Office of Administrative Law Judges
United States Department of Labor
MONTHLY DIGEST # 143
August - September 1999
John M. Vittone
Chief Judge (Longshore)
Thomas M. Burke
Associate Chief Judge for Black Lung
I. Longshore
A. Circuit courts of appeal
In Carolina Stevedoring Company v. Davis, 1999 WL 713897 (4th
Cir. 1999) (unpublished), the Fourth Circuit held that Section 3(c) ("No compensation shall be
payable if the injury was occasioned solely by the intoxication of the employee or by the willful intention
of the employee to injure or kill himself or another.") did not apply where the employee
disregarded his own safety by working and not taking his medication [to prevent grand mal seizures].
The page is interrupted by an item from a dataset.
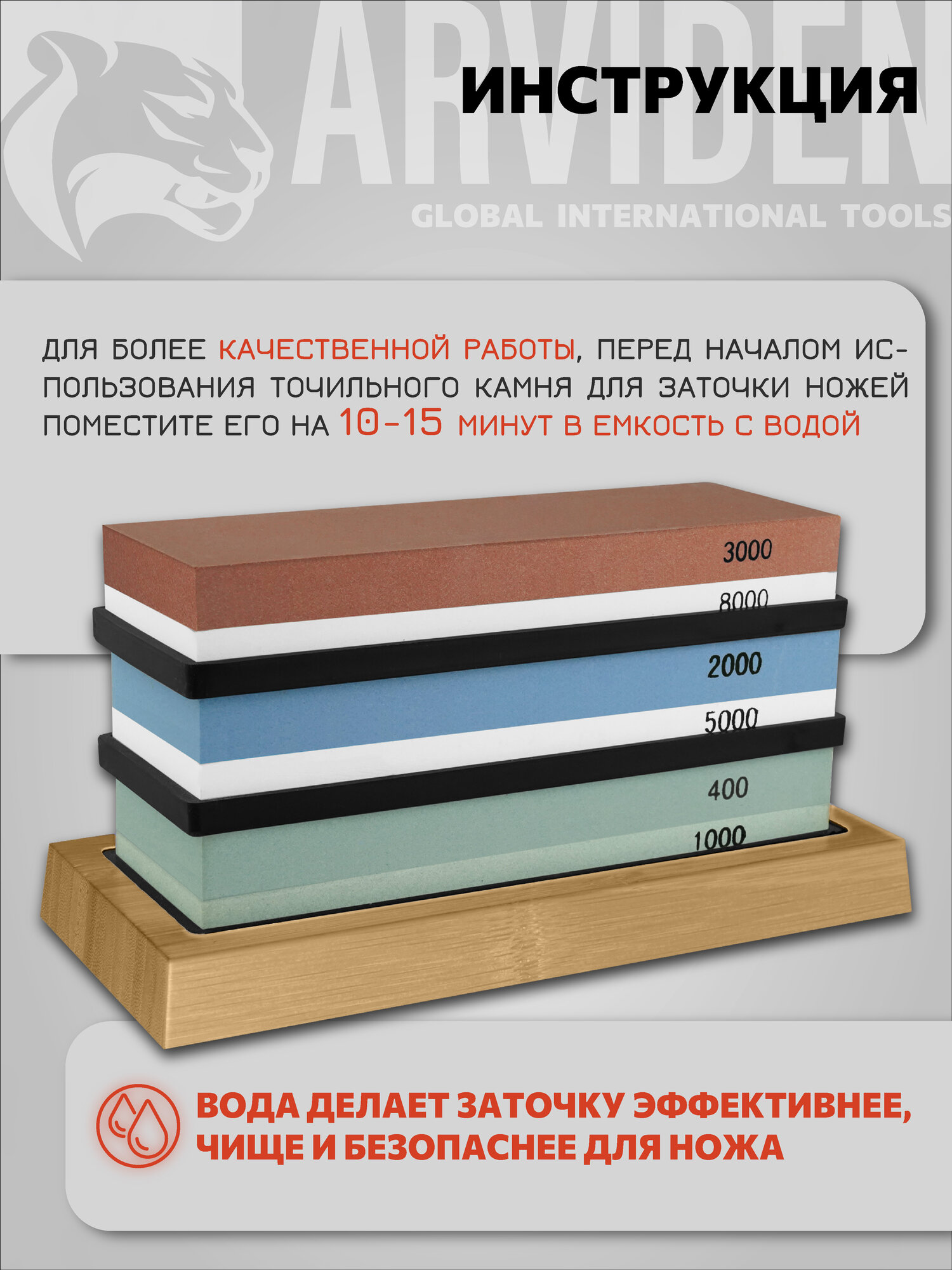 Купить Точильный камень для ножей, 9 предметов, ARVIDEN, 6 степеней заточки, водный с бруском и держателем с доставкой по всей России.

This activity fell short of a willful intent to injure or kill.
In Sketoe v. Exxon Company,
USA, ___ F.3d ___ (5th Cir. 1999) (1999 WL 710534), an oil drilling case, the Fifth
Circuit held that Section 4(a) premises liability on a finding that the principal is subject to some
contractual obligation which it, in turn, is passed in whole or in part to the subcontractor.
Here, the United States government executed an oil and gas lease of a tract off
the Louisiana coast to Exxon. Exxon subsequently contracted with Dolphin Titan (DT) to drill on the
tract. Sketoe was an employee of DT who worked on the Exxon tract operation. In the course and
scope of his employment, Sketoe injured his hand. DT's compensation carrier, Northumberland
Insurance Company, paid Sketoe's compensation benefits until it became insolvent. Following
Northumberlands's bankruptcy, DT assumed payment of the benefits. Approximately one year later,
DT also became insolvent. Sketoe then filed a claim against Exxon for payment of the benefits, alleging
that Section 4(a) of the LHWCA required Exxon to cover for its "subcontractor," DT.
The Fifth Circuit found that, to attach liability to Exxon for compensation benefits
via the statute, Exxon must have been subject to the same contractual obligation that DT contracted
with Exxon to perform. This is referred to as a "two contract" requirement: " A
general employer will be held secondarily liable for workmen's compensation when the injured
employee was engaged in work either that is a subcontracted fraction of a large project or that is
normally conducted by the general employer's own employees rather than by independent contractual
obligations."
The Fifth Circuit stated that the LHWCA distinguishes between employers who
are owners and those who are general contractors working under contractual obligations to others.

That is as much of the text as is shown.